Tuesday, February 17, 2015

'Choice card' for vets distant from VA facility or with delayed appointments has problems

Last summer, the Department of Veterans Affairs said it would offer a "choice card" allowing "veterans who have been waiting more than 30 days for appointments or who live more than 40 miles from a VA facility the chance to see a private doctor," Emily Wax-Thibodeaux writes for The Washington Post. "Some veterans say that when they attempted to use their card, the VA told them they had to live more than 40 'miles in a straight line, or as the crow flies,' from their VA rather than Google maps miles, which makes the card harder to use."

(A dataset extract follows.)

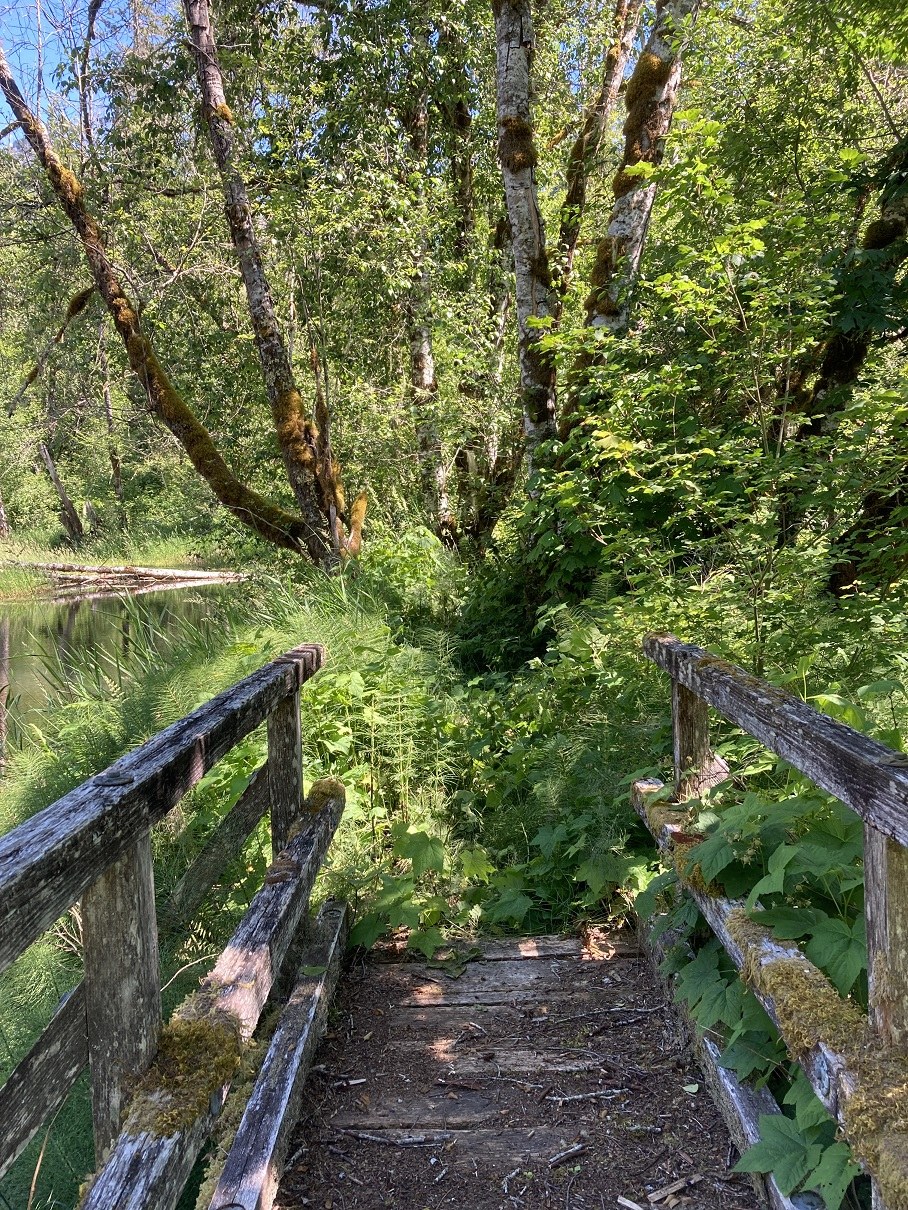 The Beaver Lake trail used to go approximately 3 miles and end at the Mt. Loop Highway south of the trailhead. In the storms of 2003 and/or 2006 the Sauk River washed out the trail in a section about 2 miles from the trail head. At some point the bridge at Beaver Lake got hit by a falling log and damaged. The current trail is maintained to the broken bridge about 1.5 miles in. A path has now been made at the washed-out section and the entire trail can be traversed if you cross the damaged bridge or starting from the other end you can go north to the bridge from the Mt Loop Highway. ¼ mile from the south end is a 15ft dead Cedar tree still standing. This trail is doable most anytime of the year. The old trail from the bridge to the washed-out section is very brushy. I cleaned it some to make it clear where the trail is, but it needs more work. In the Fall lots of dead fish heads have been observed near the washed-out section. This is now a slow flowing side branch to the river and fishing must be easy.

Rep. Tim Huelskamp, R-Kan., has filed a bill to use actual driving distances and apply "directly to the type of care requested by the veteran – which means having a Community-Based Outpatient Clinic in the area would no longer prevent a veteran from choosing care at a local hospital if the local CBOC can’t provide the necessary service," the Post reports.

Also, the newspaper reports, "Several VA doctors e-mailed The Washington Post saying they themselves don’t understand how to use the program." One wrote, “As far as I can tell, the choice card has created more confusion and aggravation than improving access to clinical care, though it did gain political points.”

"Another problem that veterans pointed to is that all veterans, whether eligible or not, get the card," the Post reports. "Some are showing up in private emergency rooms and try to use the card only to find out it’s not valid." One reader told the Post that VA sent a card to her stepfather, who died in 2009, "a symbol of an agency still seemingly in disarray."